**PROBLEM**. Every line of the data is to be reproduced exactly.

**DATA PROVIDED**.

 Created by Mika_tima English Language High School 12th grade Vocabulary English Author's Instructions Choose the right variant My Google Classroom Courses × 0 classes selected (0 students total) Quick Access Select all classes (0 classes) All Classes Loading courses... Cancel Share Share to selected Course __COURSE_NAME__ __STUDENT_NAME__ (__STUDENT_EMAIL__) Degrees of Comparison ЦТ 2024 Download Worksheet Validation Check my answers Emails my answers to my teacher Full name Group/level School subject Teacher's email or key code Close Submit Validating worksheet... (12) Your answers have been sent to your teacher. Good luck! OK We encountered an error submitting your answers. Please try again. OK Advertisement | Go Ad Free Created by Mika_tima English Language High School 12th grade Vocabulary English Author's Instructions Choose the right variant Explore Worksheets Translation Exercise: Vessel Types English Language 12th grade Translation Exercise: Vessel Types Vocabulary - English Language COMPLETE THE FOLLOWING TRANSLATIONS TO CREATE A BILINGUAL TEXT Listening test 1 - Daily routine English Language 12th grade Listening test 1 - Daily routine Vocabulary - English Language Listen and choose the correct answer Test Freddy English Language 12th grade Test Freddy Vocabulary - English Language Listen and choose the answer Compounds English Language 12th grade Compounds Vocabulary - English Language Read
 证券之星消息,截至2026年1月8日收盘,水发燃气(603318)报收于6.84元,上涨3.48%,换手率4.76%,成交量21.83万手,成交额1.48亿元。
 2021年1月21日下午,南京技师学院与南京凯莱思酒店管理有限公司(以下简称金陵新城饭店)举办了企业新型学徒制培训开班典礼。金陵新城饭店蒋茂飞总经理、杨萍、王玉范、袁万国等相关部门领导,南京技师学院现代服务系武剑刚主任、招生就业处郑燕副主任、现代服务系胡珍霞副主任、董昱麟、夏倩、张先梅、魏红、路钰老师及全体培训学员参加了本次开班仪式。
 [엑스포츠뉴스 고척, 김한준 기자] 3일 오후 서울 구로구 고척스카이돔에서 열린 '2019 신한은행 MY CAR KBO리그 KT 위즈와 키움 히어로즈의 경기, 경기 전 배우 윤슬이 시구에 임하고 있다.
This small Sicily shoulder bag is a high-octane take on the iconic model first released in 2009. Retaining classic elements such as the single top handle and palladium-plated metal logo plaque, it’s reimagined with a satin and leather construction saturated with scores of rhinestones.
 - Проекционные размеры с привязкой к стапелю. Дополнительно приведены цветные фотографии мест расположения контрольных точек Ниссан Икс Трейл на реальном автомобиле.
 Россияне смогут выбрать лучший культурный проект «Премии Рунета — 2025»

**RESPONSE TO THE TASK**.
 Created by Mika_tima English Language High School 12th grade Vocabulary English Author's Instructions Choose the right variant My Google Classroom Courses × 0 classes selected (0 students total) Quick Access Select all classes (0 classes) All Classes Loading courses... Cancel Share Share to selected Course __COURSE_NAME__ __STUDENT_NAME__ (__STUDENT_EMAIL__) Degrees of Comparison ЦТ 2024 Download Worksheet Validation Check my answers Emails my answers to my teacher Full name Group/level School subject Teacher's email or key code Close Submit Validating worksheet... (12) Your answers have been sent to your teacher. Good luck! OK We encountered an error submitting your answers. Please try again. OK Advertisement | Go Ad Free Created by Mika_tima English Language High School 12th grade Vocabulary English Author's Instructions Choose the right variant Explore Worksheets Translation Exercise: Vessel Types English Language 12th grade Translation Exercise: Vessel Types Vocabulary - English Language COMPLETE THE FOLLOWING TRANSLATIONS TO CREATE A BILINGUAL TEXT Listening test 1 - Daily routine English Language 12th grade Listening test 1 - Daily routine Vocabulary - English Language Listen and choose the correct answer Test Freddy English Language 12th grade Test Freddy Vocabulary - English Language Listen and choose the answer Compounds English Language 12th grade Compounds Vocabulary - English Language Read
 证券之星消息,截至2026年1月8日收盘,水发燃气(603318)报收于6.84元,上涨3.48%,换手率4.76%,成交量21.83万手,成交额1.48亿元。
 2021年1月21日下午,南京技师学院与南京凯莱思酒店管理有限公司(以下简称金陵新城饭店)举办了企业新型学徒制培训开班典礼。金陵新城饭店蒋茂飞总经理、杨萍、王玉范、袁万国等相关部门领导,南京技师学院现代服务系武剑刚主任、招生就业处郑燕副主任、现代服务系胡珍霞副主任、董昱麟、夏倩、张先梅、魏红、路钰老师及全体培训学员参加了本次开班仪式。
 [엑스포츠뉴스 고척, 김한준 기자] 3일 오후 서울 구로구 고척스카이돔에서 열린 '2019 신한은행 MY CAR KBO리그 KT 위즈와 키움 히어로즈의 경기, 경기 전 배우 윤슬이 시구에 임하고 있다.
This small Sicily shoulder bag is a high-octane take on the iconic model first released in 2009. Retaining classic elements such as the single top handle and palladium-plated metal logo plaque, it’s reimagined with a satin and leather construction saturated with scores of rhinestones.
 - Проекционные размеры с привязкой к стапелю. Дополнительно приведены цветные фотографии мест расположения контрольных точек Ниссан Икс Трейл на реальном автомобиле.
 Россияне смогут выбрать лучший культурный проект «Премии Рунета — 2025»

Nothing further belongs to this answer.